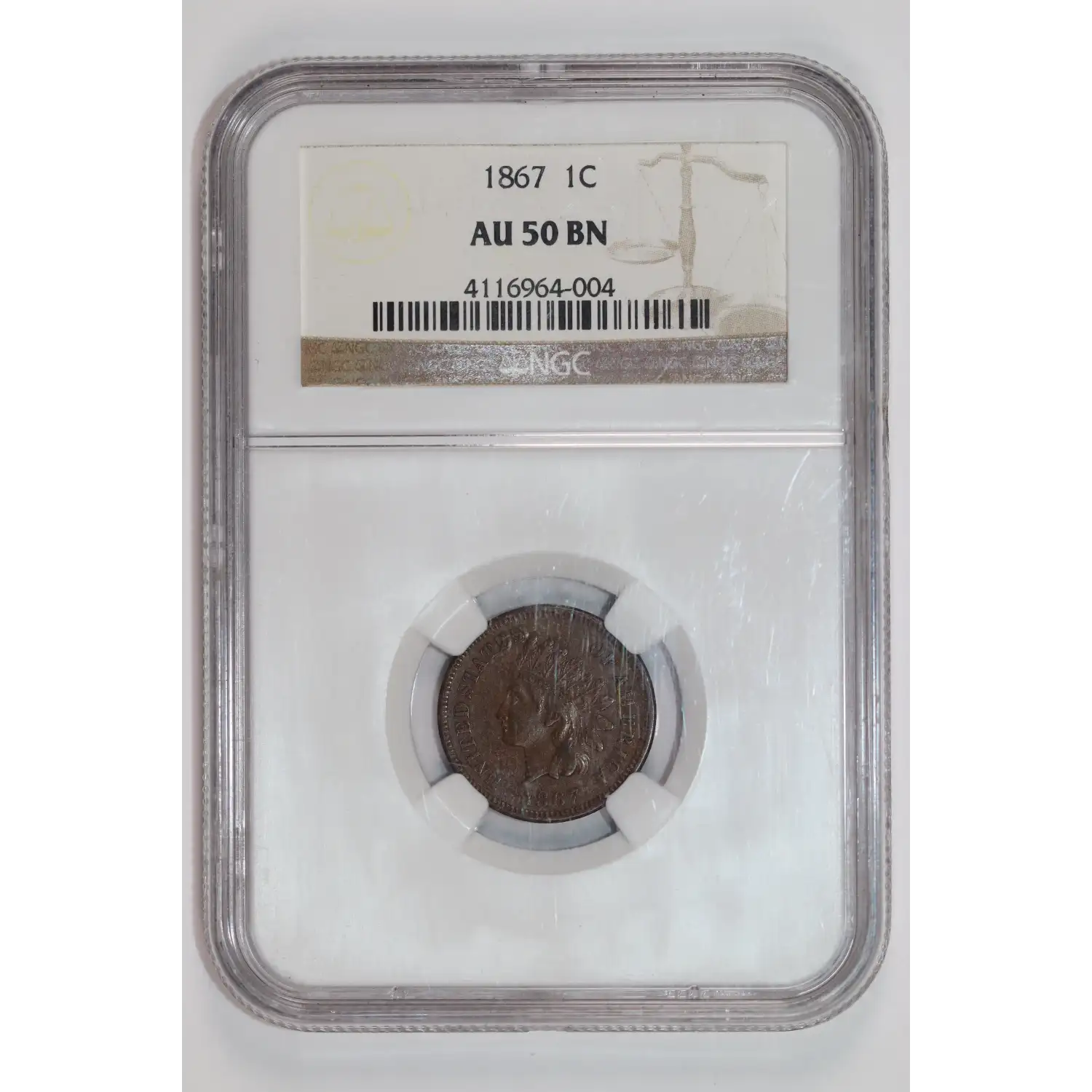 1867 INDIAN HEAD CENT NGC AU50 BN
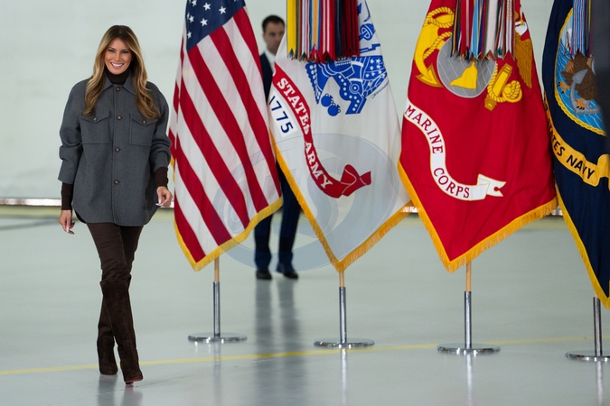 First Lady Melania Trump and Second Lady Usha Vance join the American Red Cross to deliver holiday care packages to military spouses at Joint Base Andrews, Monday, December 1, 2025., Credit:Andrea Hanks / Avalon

********

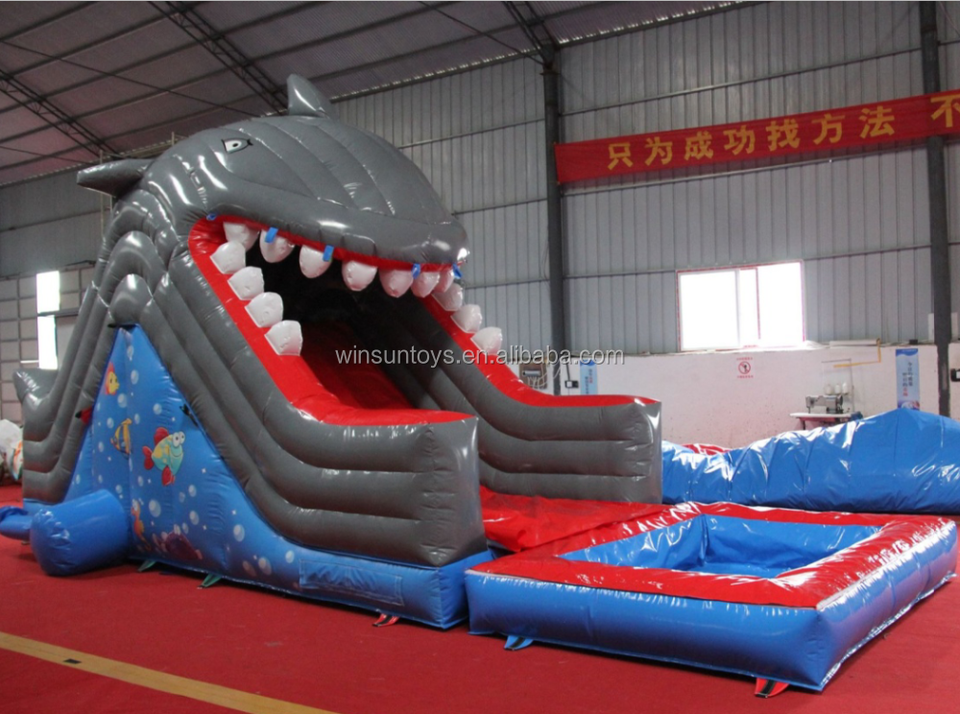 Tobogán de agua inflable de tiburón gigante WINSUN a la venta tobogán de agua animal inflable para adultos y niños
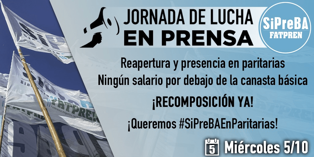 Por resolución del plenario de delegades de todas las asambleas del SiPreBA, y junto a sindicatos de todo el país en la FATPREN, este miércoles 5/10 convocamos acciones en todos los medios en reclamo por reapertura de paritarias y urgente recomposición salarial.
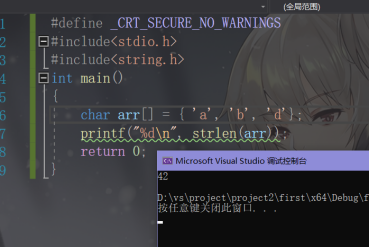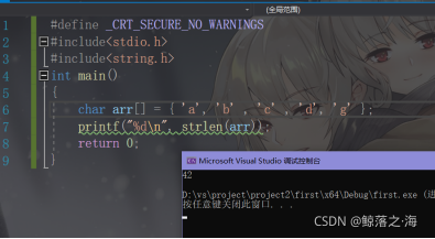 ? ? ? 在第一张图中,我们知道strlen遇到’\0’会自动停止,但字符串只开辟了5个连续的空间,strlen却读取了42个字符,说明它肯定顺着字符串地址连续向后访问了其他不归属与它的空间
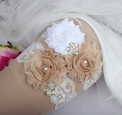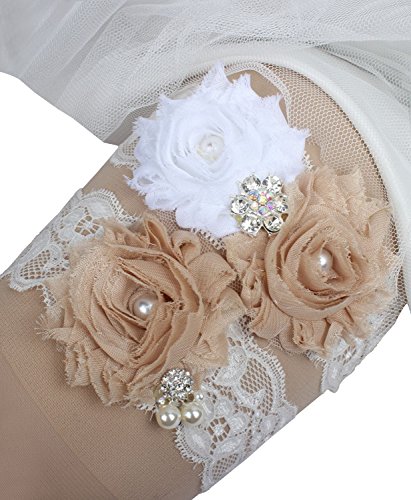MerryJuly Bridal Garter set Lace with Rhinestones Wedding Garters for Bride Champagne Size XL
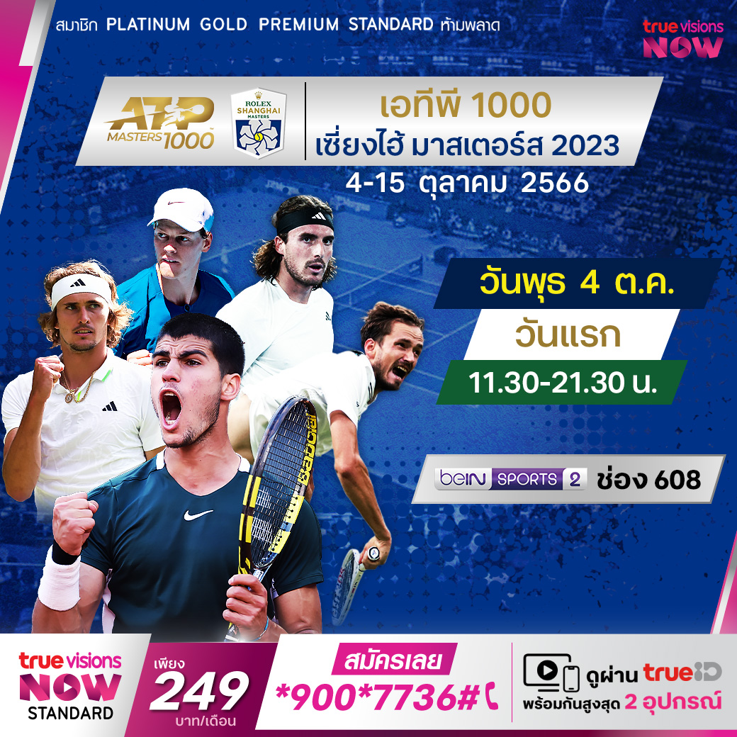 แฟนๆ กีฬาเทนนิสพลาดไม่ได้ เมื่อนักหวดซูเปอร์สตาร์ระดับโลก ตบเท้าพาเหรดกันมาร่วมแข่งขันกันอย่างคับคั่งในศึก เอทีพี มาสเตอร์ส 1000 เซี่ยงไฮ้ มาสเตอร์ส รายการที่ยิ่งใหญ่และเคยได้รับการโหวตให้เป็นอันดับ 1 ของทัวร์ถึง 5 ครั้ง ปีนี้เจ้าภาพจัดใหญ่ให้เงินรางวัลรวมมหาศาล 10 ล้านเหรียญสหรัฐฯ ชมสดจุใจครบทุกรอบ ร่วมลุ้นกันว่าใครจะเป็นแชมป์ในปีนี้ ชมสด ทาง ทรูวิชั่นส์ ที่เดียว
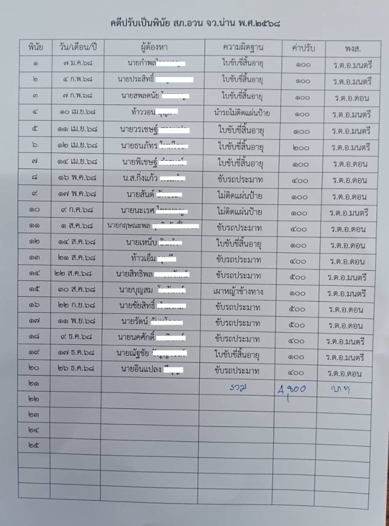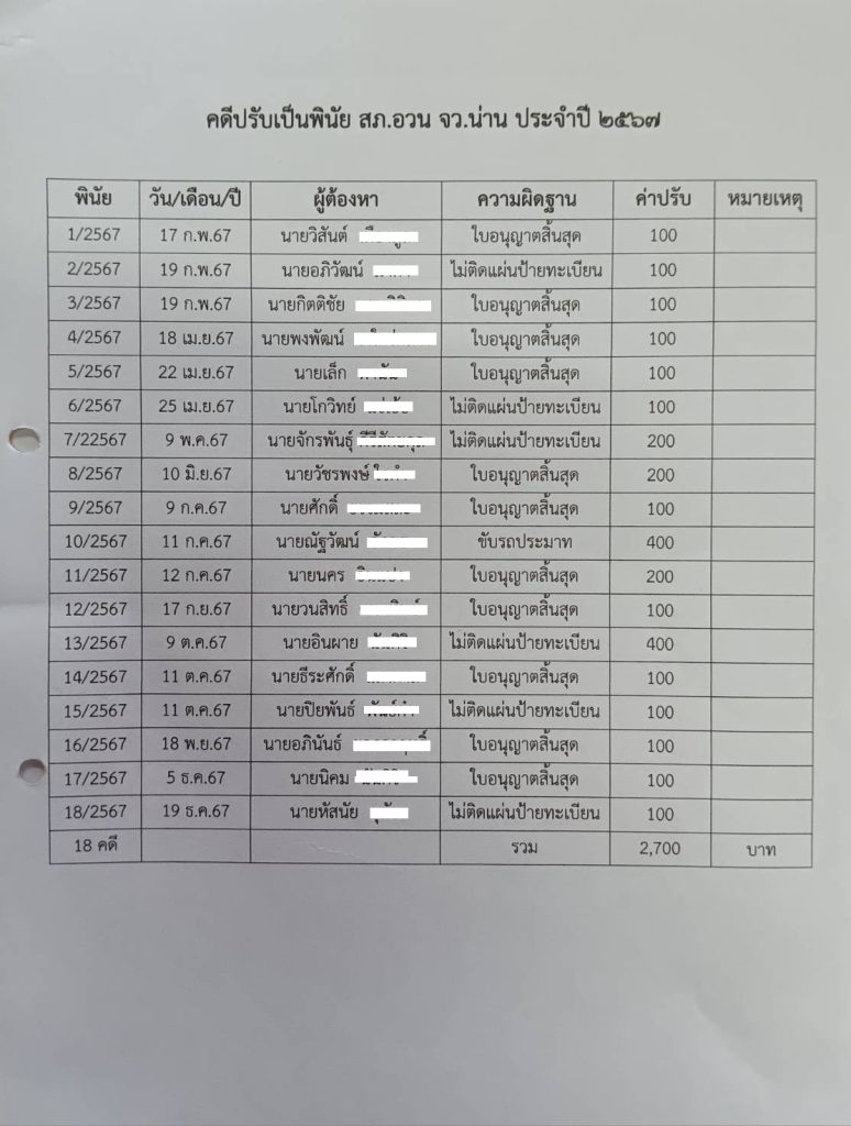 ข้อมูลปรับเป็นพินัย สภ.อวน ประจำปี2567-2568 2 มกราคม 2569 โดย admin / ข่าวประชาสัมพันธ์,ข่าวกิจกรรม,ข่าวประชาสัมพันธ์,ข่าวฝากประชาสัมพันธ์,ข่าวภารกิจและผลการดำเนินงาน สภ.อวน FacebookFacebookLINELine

********

— What is needed —
In the entries above, which lines run from the one with "MerryJuly Bridal Garter" up to and including the one with "ข้อมูลปรับเป็นพินัย สภ.อวน ประจำปี2567-2568"? Write them out exactly, without the pictures.

— Problem solution —
MerryJuly Bridal Garter set Lace with Rhinestones Wedding Garters for Bride Champagne Size XL
 แฟนๆ กีฬาเทนนิสพลาดไม่ได้ เมื่อนักหวดซูเปอร์สตาร์ระดับโลก ตบเท้าพาเหรดกันมาร่วมแข่งขันกันอย่างคับคั่งในศึก เอทีพี มาสเตอร์ส 1000 เซี่ยงไฮ้ มาสเตอร์ส รายการที่ยิ่งใหญ่และเคยได้รับการโหวตให้เป็นอันดับ 1 ของทัวร์ถึง 5 ครั้ง ปีนี้เจ้าภาพจัดใหญ่ให้เงินรางวัลรวมมหาศาล 10 ล้านเหรียญสหรัฐฯ ชมสดจุใจครบทุกรอบ ร่วมลุ้นกันว่าใครจะเป็นแชมป์ในปีนี้ ชมสด ทาง ทรูวิชั่นส์ ที่เดียว
 ข้อมูลปรับเป็นพินัย สภ.อวน ประจำปี2567-2568 2 มกราคม 2569 โดย admin / ข่าวประชาสัมพันธ์,ข่าวกิจกรรม,ข่าวประชาสัมพันธ์,ข่าวฝากประชาสัมพันธ์,ข่าวภารกิจและผลการดำเนินงาน สภ.อวน FacebookFacebookLINELine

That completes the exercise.